Seh' ich identisch. Ich hätte klarmachen sollen, dass es als Replik auf Liam gedacht war.


----------



## berndf

Schimmelreiter said:


> Seh' ich identisch. Ich hätte klarmachen sollen, dass es als Replik auf Liam gedacht war.


Das war mich schon klar. Mein Post ist nicht als Widerspruch zu Deinem zu verstehen. Ich habe Dein Zitat nur als willkommenen Aufhänger für meine Bemerkung verwandt. Sorry, wenn das falsch angekommen sein sollte.


----------



## Glockenblume

Habe ich es recht verstanden?: Alle sind geschlossen anderer Meinung  als der DUDEN, der da schreibt: 
"[...]Dagegen kann man bei _Ich bin geboren_ nur den Ort angeben, also _Ich bin in Berlin geboren_, aber nicht: _Ich bin am 1. Juni in Berlin geboren_ oder _Ich bin als zweites Kind der Eheleute ... geboren._"

Wohlgemerkt, ich will die DUDEN-Meinung hier keineswegs verteidigen, ich möchte nur Klarheit schaffen.


----------



## Sowka

Guten Morgen 



Glockenblume said:


> Habe ich es recht verstanden?: Alle sind geschlossen anderer Meinung  als der DUDEN, der da schreibt:
> "[...]Dagegen kann man bei _Ich bin geboren_ nur den Ort angeben, also _Ich bin in Berlin geboren_, aber nicht: _Ich bin am 1. Juni in Berlin geboren_ oder _Ich bin als zweites Kind der Eheleute ... geboren._"
> 
> Wohlgemerkt, ich will die DUDEN-Meinung hier keineswegs verteidigen, ich möchte nur Klarheit schaffen.

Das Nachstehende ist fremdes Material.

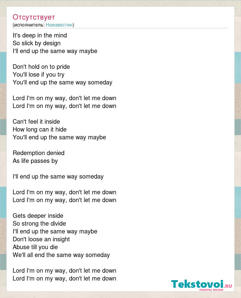 It's deep in the mind So slick by design I'll end up the same way maybe Don't hold on to pride You'll lose if you try You'll end up the same way someday Lord I'm on my way, don't let me down Lord I'm on my way, don't let me down Can't feel it inside How long can it hide You'll end up the same way maybe Redemption denied As life passes by I'll end up the same way someday Lord I'm on my way, don't let me down Lord I'm on my way, don't let me down Gets deeper inside So strong the divide I'll end up the same way maybe Don't loose an insight Abuse till you die We'll all end the same way someday Lord I'm on my way, don't let me down Lord I'm on my way, don't let me down

Nein, ich schließe mich Liam Lew's an. (Sorry, ich habe in den letzten Tagen nicht viel Zeit und Energie fürs Forum gehabt; bin im Moment (akut bis 12. Juni) anderweitig etwas absorbiert).

Gestern Abend schaute ich in mein Profil hier bei WRF, und da steht tatsächlich: "Ich wurde geboren. Eines Tages werde ich sterben..."

So würde ich "geboren" stets verwenden. Allerdings neige ich, wenn ich den Ort allein angebe, auch zu der Formulierung "Ich bin in Berlin geboren", fasse dies aber sozusagen als Kurzform von "Ich bin in Berlin geboren worden" auf. 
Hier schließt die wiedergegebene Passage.